Can the SHA-4C maintain temperature uniformity across all four positions simultaneously?

Yes—the ceramic plate is engineered with distributed heater traces and individual Pt1000 sensing per zone, achieving ≤±1.0 °C inter-position deviation at steady state (tested with 2 L water loads at 85 °C).
Is external temperature feedback mandatory for accurate solution temperature control?

For solution-specific accuracy (±0.5 °C), insertion of the supplied Pt1000 probe into the vessel is required; surface-mode operation yields ±2.0 °C uncertainty due to thermal lag and vessel wall effects.
What stir bar dimensions are recommended for optimal performance at maximum load (10 L)?

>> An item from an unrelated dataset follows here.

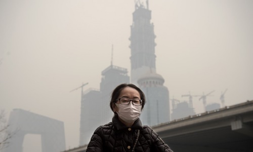 Bầu trời Bắc Kinh mờ mịt vì khói bụi. Ảnh: AFP.

Elliptical stir bars measuring 60–80 mm in length with 12–15 mm diameter and PTFE encapsulation are validated for turbulent flow generation in tall-form vessels under 1500 rpm conditions.
Does the unit support continuous operation beyond 8 hours?

Yes—rated for indefinite duty cycle under nominal load (≤3.2 kW average draw); thermal management includes convection-cooled heatsinks and automatic fan modulation based on internal sensor readings.
Can the SHA-4C be integrated into a GLP-compliant laboratory information management system (LIMS)?

While lacking native network connectivity, analog outputs and deterministic response timing allow hardware-level interfacing with LIMS-compatible DAQ gateways that support audit-trail generation and user-access controls.